Y si hablamos de la dieta vamos por mal camino, en la Estación Espacial Internacional no hay heladeras porque los alimentos se conservan deshidratados o termoestabilizados. La pesadilla de todo productor del canal Gourmet.
Aunque tampoco comeríamos tan mal si hubiéramos cumplido nuestra quimera infantil, para desayunar, cereales con pasas, tortitas, batido de vainilla, té o café y una fruta; para almorzar, pueden ser tiras de pollo en salsa, macarrones con queso, arroz, jugo de manzana y frutos secos y para cenar, cóctel de camarones, filete ruso, macarrones con queso, ensalada de frutas y té con limón. Pero eso sí, si quisiéramos añadirle sal o pimienta solamente lo podríamos hacer en forma líquida, ¿se imagina salando un huevo frito en gravedad cero?
Y después de semejantes y pantagruélicos refrigerios, en su tiempo libre, como astronautas podríamos leer, ver películas, jugar a las cartas –me imagino que con naipes de plomo, hecho harto peligroso para cantar un vale cuatro con el ancho de espadas pegado a la frente-, hablar con nuestras familias, hacer ejercicio e incluso tocar instrumentos musicales. O si quisiéramos, contemplar arrebolados un amanecer o un ocaso terrestre, espectáculo que se repite cada 45 minutos en la Estación Espacial.

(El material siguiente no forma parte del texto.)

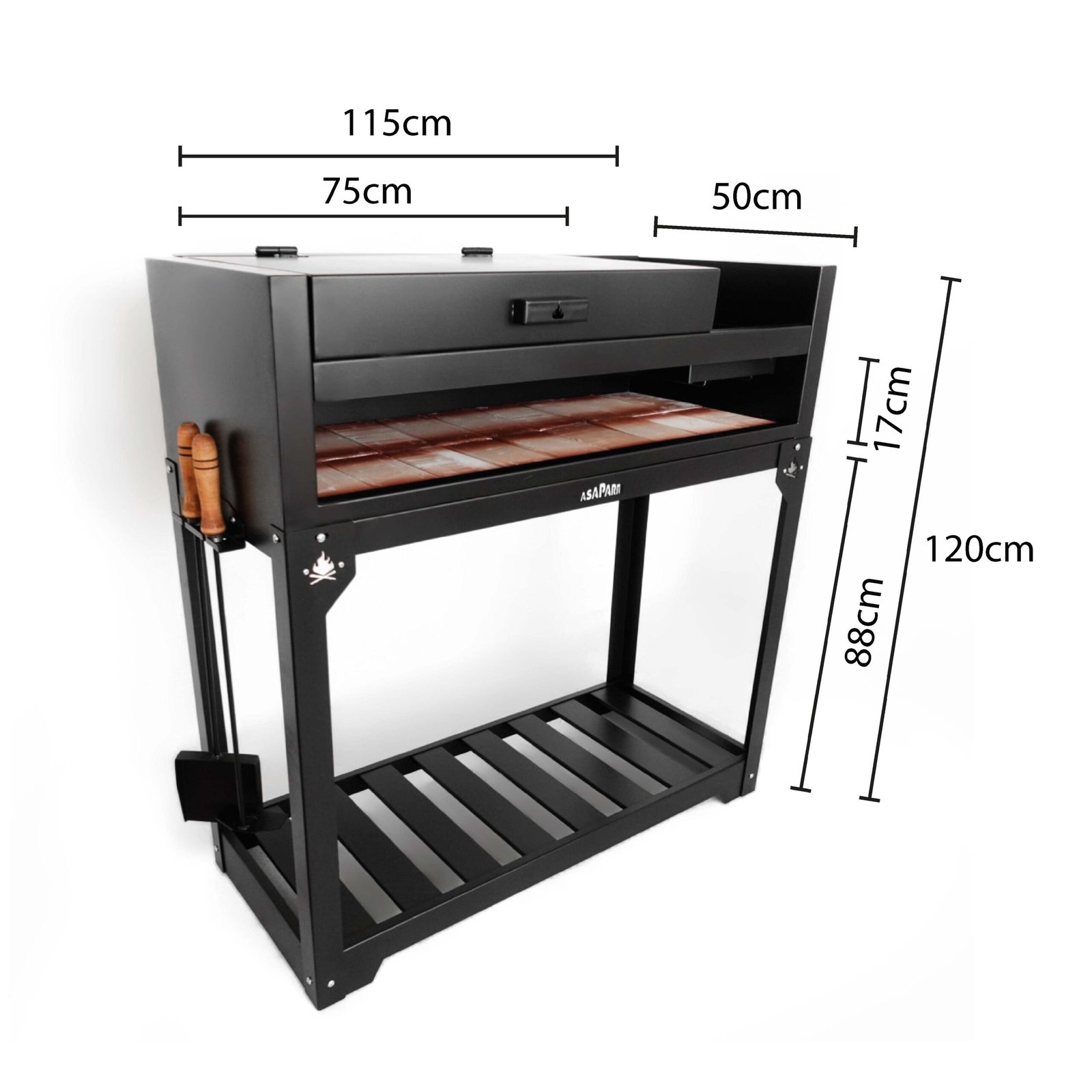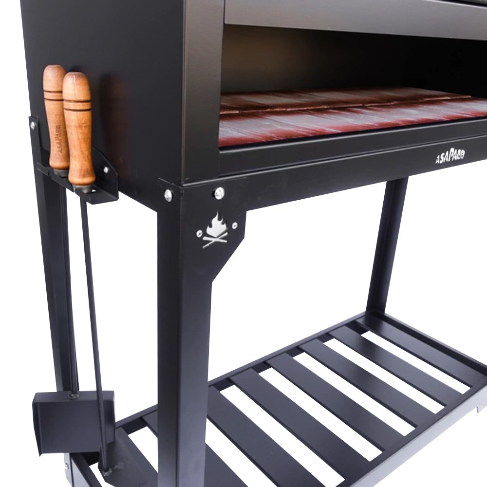 Material: Chapa negra de 2.5mm, tapa de 2mm, con sistema de apertura de 3.2mm. Posee un tratamiento de pintura profesional resistente a la intemperie y alta temperatura, 800 grados.
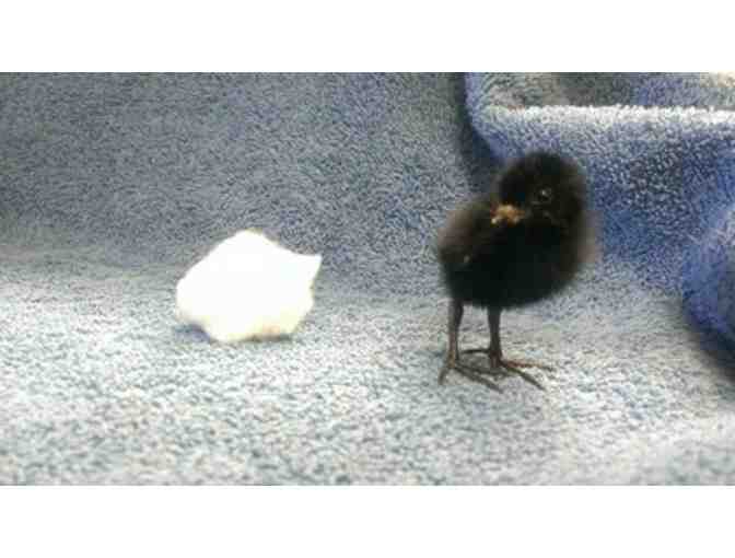 Chick in front of duster by Isabel Luevano. Chick next to cotton ball by Cheryl Reynolds.
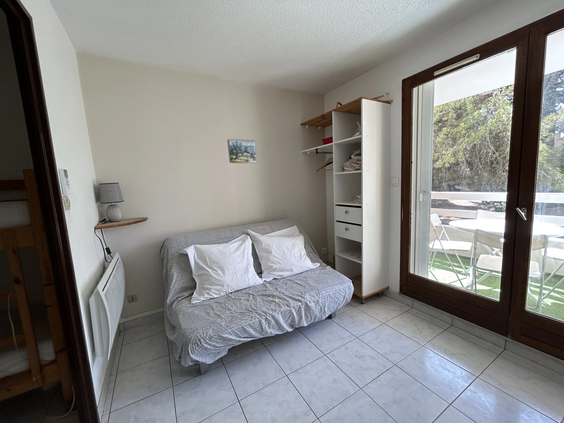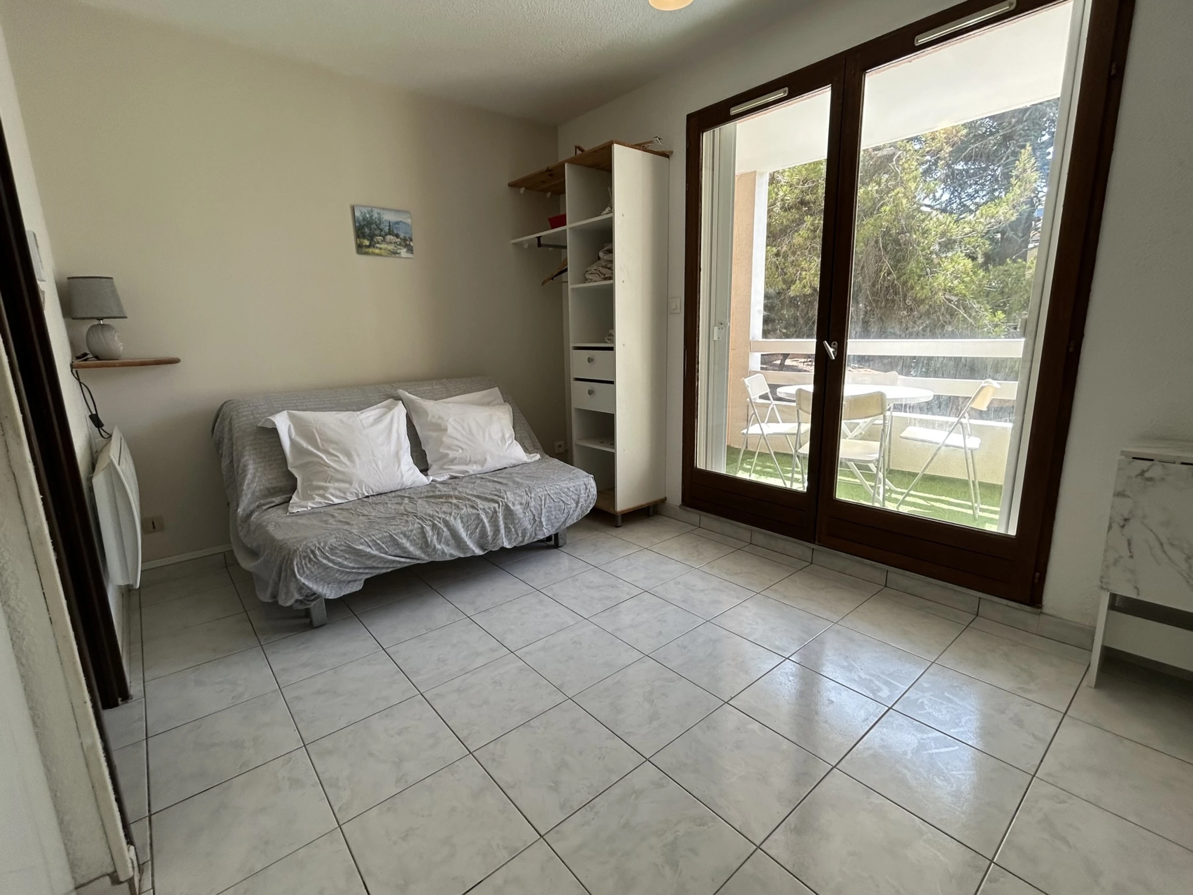 Location Vacances à Sète : Cet appartement est situé dans une résidence arborée avec piscine (ouverte du 15 juin au 15 septembre). Il est en 1er étage (avec ascenseur) à 1k m de la plage et de la mer. Joli meublé de 18m2. Agréable terrasse d'environ 4m2. Séjour avec canapé-lit, rangements, TV. Kitchenette équipée 2 plaques électriques, réfrigérateur top, micro-onde, four. Salle de bains avec baignoire, un lavabo, WC. un coin cabine avec 2 lits superposés. Cet appartement dispose d'une place de parking portant le n°11. Animaux non admis. Arrivée tardive possible : 50€ (détails nous consulter.)
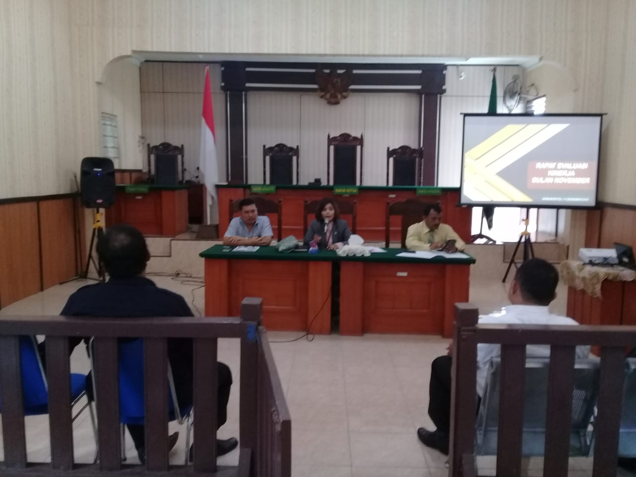 HUMAS (11/12/2019) Pengadilan Negeri Gunungsitoli melakukan Rapat Evaluasi Kinerja Bulan November pada 11 Desember 2019. Kegiatan rutin ini merupakan wujud dari sebuah mutu kerja yang ingin dicapai bersama. Rapat di hadiri oleh Tiga Pilar Pengadilan Negeri Gunungsitoli, demikian Hakim dan seluruh aparatur lainnya. Rapat bulan ini lebih membahas kepada capaian untuk mengejar perkara-perkara yang belum terselesaikan agar dapat selesai sebelum masuk ke tahun yang baru.
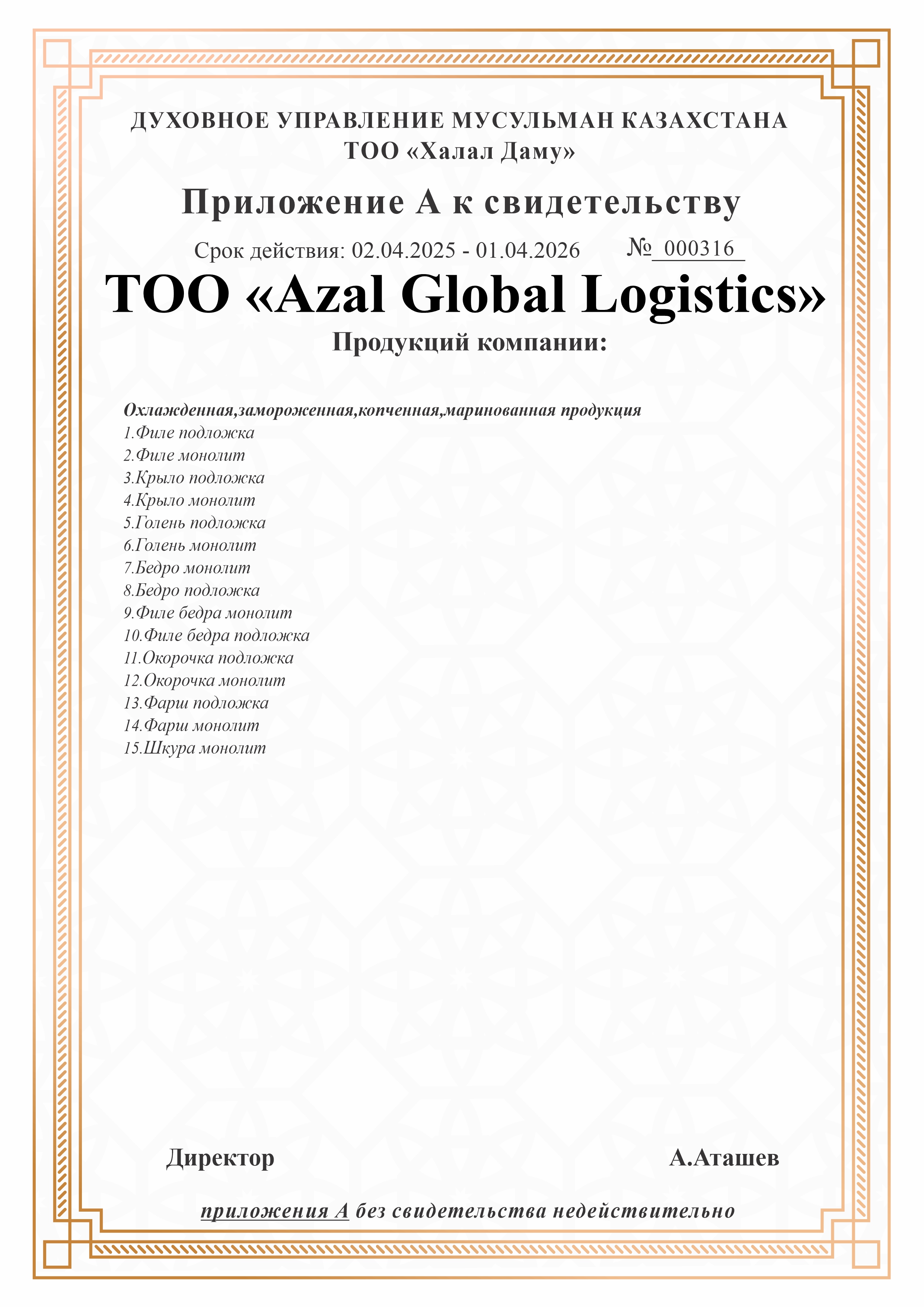 01.04.2026 ге дейін сертификатталған

Para la hora de descansar la Estación cuenta con dos pequeños “dormitorios” individuales, con una bolsa de dormir y una ventana cada uno. Pero cuando hay más de dos personas en la ISS, el Comandante puede autorizar al resto de los astronautas a dormir donde mejor les venga en ganas, ya que con eso de la gravedad cero uno se larga a roncar flotando como un barquito de papel, eso sí, primero sería mejor atarse, no vaya a ser que en nuestro derrotero onírico hagamos trizas la vajilla espacial, que para reemplazar esa jarra de jugo no tenemos el almacén de doña Carmen de la esquina.
Pero no todo es flores en el espacio, los aspirantes a astronautas también tienen sus bemoles, como el día que nos enteremos que se recicla casi el noventa por ciento de la orina de los tripulantes, la imaginación no va a ser una buena compañera en ese momento. Es que conseguir agua allá arriba es un problema, por lo que si nuestra propia restricción del uso del líquido elemento nos parece estricta, pensemos en esos muchachos, que para asearse utilizan únicamente toallitas higiénicas, o que se cambian de ropa interior un día sí y otro no y las medias polares las tienen que hacer durar más o menos limpias un mes entero.
O sea, yo era uno de los que siempre quiso ser astronauta cuando era chico, pero a decir verdad, me alegro mucho que Cabo Cañaveral haya quedado tan lejos, ¿no?